═══ Given entries

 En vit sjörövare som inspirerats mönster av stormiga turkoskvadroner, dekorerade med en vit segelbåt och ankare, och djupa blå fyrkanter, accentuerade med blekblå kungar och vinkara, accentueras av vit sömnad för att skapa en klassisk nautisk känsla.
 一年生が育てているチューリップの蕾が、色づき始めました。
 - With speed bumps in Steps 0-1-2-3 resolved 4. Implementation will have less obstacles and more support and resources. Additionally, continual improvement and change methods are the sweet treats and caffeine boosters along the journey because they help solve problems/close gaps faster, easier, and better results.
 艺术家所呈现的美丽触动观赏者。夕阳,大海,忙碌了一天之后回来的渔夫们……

══════
═══ Given entries

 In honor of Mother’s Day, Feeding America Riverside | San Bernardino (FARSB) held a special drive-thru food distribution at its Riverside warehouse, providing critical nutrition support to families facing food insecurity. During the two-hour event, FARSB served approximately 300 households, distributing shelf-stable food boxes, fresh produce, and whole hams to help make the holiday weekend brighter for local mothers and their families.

══════

▸ **Exercise requirements**:
Lines containing the string "help" above: how many are there? Answer with the number only.

▸ **Answer area**:
2